Moçambique enfrenta uma grave crise humanitária em meio à época chuvosa que já resultou na destruição de cerca de 5 mil casas e deixou 82 mil outras inundadas. Além disso, 56 unidades sanitárias foram afetadas, contribuindo para um quadro alarmante de saúde pública. As autoridades nacionais confirmaram a morte de pelo menos 120 pessoas, enquanto seis permanecem desaparecidas e 99 estão feridas.
De acordo com o porta-voz do governo, Inocêncio Impissa, o orçamento previamente aprovado não atende às crescentes necessidades dos deslocados e das comunidades afetadas. O governo estima que seja necessário um reforço orçamentário de aproximadamente US$ 6,6 mil milhões para fornecer assistência humanitária, principalmente para áreas críticas como saúde e alimentação.
A crise em Moçambique exacerba vulnerabilidades criadas por ciclones anteriores, com o Fundo de População das Nações Unidas (Unfpa) ressaltando que a situação atual também agrava um surto de cólera em curso. A agência aponta que são necessários pelo menos US$ 11,5 milhões para uma resposta humanitária efetiva, mas até agora apenas 6% desse montante foi arrecadado, resultando em um déficit significativo.
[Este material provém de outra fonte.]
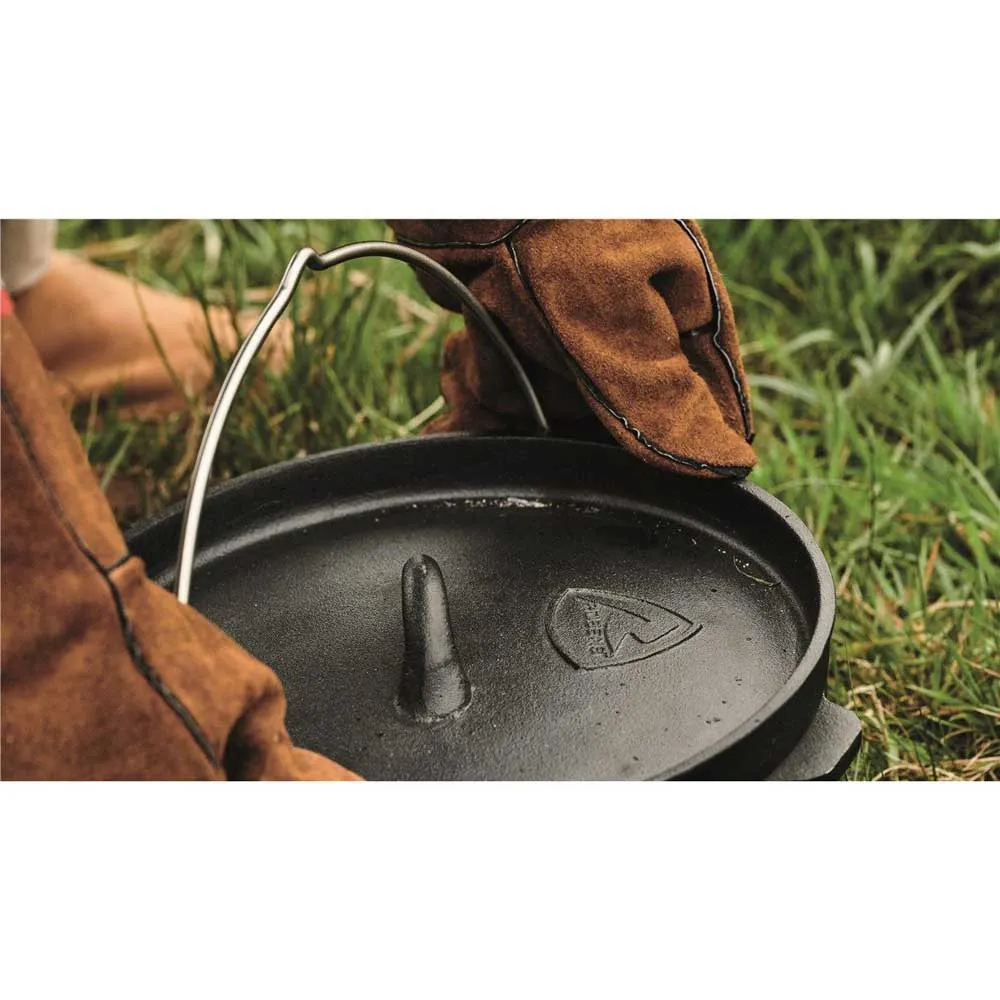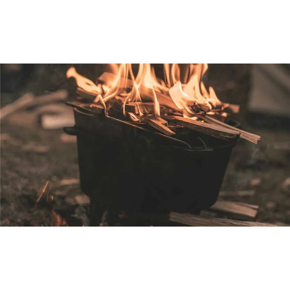 Raised edge on lid holds embers in place for heat above and below.

Os riscos à saúde aumentaram e a prestação de serviços relacionados à saúde sexual e reprodutiva tem sido seriamente comprometida. Dados do Unfpa indicam que entre os afetados, cerca de 164 mil mulheres estão em idade reprodutiva, sendo que ao menos 11.532 estão grávidas. Em resposta a essa situação, mais de 3,5 mil kits de dignidade estão sendo mobilizados na província de Gaza, com o objetivo de garantir a higiene e a segurança das mulheres e meninas.
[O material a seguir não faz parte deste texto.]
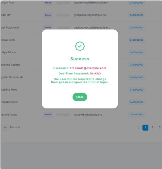 You will then be presented with the user's new temporary password and email address that is linked to nForma. Copy the text and send the information to the parent. They will then be able to reset their password. The temporary password will last for around 2 hours.

Gaza, a mais afetada pelas chuvas, recebeu 20 novas tendas de emergência para servir como instalações temporárias de saúde, dada a sobrecarga das estruturas existentes. O Unfpa Moçambique inicia sua resposta com os recursos disponíveis, mas um apoio adicional é essencial para que possam atender de forma eficaz as necessidades emergenciais da população.